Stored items

---

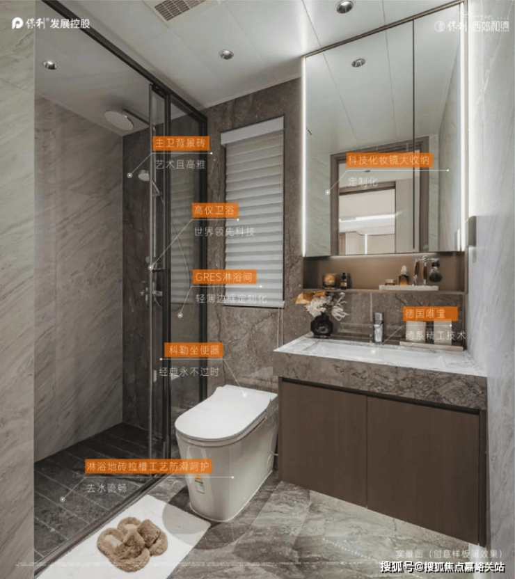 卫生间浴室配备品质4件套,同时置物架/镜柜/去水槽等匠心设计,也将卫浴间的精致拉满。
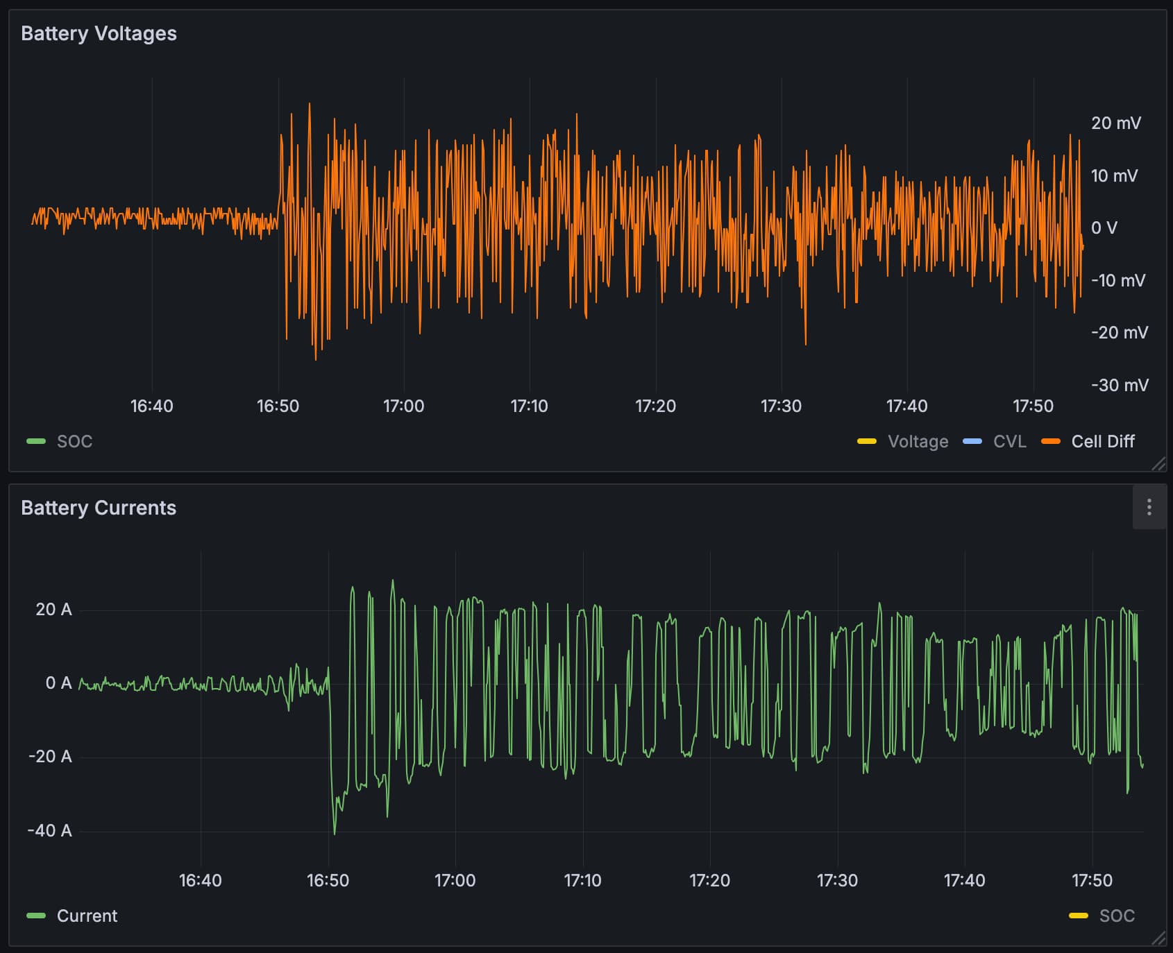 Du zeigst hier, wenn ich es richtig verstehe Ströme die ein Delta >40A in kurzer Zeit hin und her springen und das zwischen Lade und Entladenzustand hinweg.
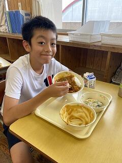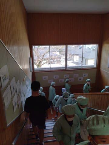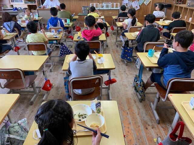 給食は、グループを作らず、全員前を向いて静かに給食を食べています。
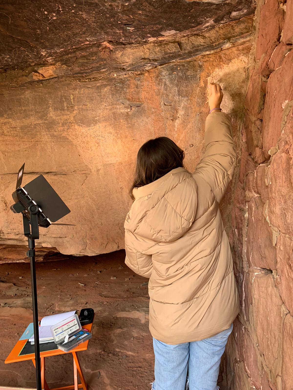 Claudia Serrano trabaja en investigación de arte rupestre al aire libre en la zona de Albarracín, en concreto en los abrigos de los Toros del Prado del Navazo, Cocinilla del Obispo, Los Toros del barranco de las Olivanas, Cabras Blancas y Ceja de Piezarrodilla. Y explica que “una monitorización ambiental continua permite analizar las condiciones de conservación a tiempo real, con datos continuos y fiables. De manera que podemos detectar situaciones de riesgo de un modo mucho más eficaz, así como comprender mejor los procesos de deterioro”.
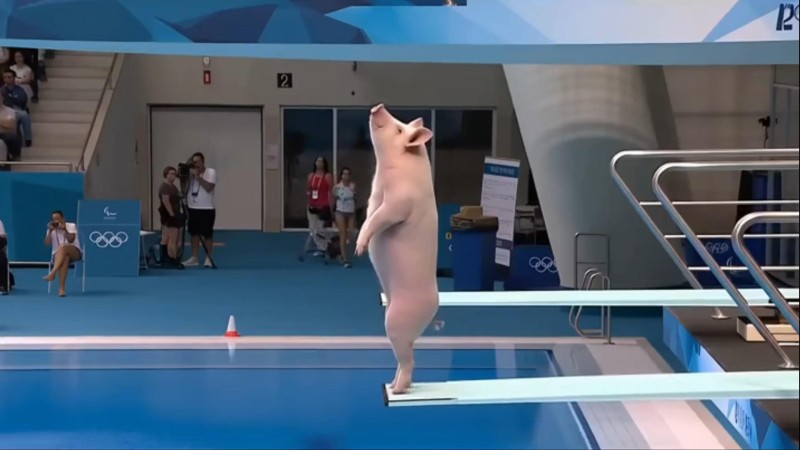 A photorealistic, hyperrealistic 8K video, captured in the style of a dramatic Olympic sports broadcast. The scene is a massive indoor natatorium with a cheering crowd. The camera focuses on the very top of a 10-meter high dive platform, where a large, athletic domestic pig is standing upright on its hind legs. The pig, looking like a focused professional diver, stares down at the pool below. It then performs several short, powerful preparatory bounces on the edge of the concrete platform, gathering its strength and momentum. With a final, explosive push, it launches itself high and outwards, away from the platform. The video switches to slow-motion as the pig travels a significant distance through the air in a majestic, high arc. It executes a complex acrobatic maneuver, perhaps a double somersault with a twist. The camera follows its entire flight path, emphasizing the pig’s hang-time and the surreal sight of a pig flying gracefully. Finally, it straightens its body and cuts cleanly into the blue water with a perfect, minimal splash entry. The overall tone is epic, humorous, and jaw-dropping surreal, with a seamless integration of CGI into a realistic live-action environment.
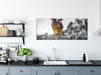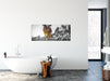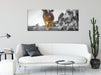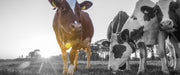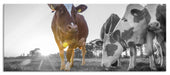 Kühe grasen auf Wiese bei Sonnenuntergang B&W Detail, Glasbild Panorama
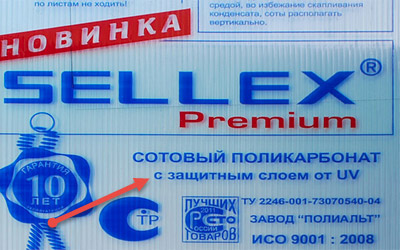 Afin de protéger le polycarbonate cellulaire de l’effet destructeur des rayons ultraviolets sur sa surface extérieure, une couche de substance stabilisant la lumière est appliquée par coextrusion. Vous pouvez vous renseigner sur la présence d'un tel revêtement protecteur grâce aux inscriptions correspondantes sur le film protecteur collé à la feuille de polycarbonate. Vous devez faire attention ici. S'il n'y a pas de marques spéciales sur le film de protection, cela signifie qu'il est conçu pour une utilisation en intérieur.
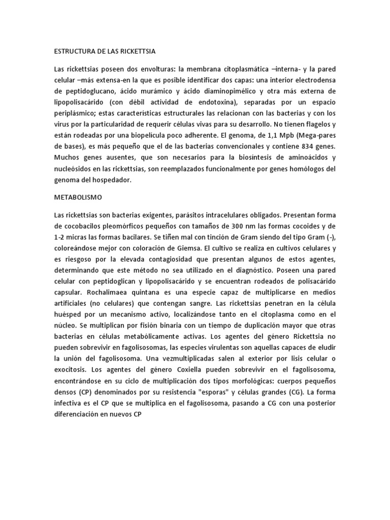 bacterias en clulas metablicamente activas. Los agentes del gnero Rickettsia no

---

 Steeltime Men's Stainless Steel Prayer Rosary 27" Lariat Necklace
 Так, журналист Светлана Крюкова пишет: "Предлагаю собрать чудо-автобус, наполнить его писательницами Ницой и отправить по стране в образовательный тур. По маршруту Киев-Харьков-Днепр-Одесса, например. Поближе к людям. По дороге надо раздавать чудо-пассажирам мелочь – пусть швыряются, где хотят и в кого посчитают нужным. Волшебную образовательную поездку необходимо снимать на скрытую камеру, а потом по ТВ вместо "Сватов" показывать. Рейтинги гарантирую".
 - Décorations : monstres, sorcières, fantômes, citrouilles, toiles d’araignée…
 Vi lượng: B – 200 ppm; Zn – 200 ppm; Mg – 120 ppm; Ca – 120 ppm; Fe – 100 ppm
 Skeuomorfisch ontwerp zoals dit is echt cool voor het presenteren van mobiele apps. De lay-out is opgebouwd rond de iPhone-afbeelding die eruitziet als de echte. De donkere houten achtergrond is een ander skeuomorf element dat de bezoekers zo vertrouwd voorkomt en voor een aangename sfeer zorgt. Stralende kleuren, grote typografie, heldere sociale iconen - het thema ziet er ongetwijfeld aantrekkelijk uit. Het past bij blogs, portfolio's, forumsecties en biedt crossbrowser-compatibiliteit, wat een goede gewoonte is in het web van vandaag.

---

# Exercise
Quote word for word only the lines above from the one containing "Afin de protéger" through the one containing "bacterias en clulas". Pictures stay out of your copy.

# Solution
 Afin de protéger le polycarbonate cellulaire de l’effet destructeur des rayons ultraviolets sur sa surface extérieure, une couche de substance stabilisant la lumière est appliquée par coextrusion. Vous pouvez vous renseigner sur la présence d'un tel revêtement protecteur grâce aux inscriptions correspondantes sur le film protecteur collé à la feuille de polycarbonate. Vous devez faire attention ici. S'il n'y a pas de marques spéciales sur le film de protection, cela signifie qu'il est conçu pour une utilisation en intérieur.
 bacterias en clulas metablicamente activas. Los agentes del gnero Rickettsia no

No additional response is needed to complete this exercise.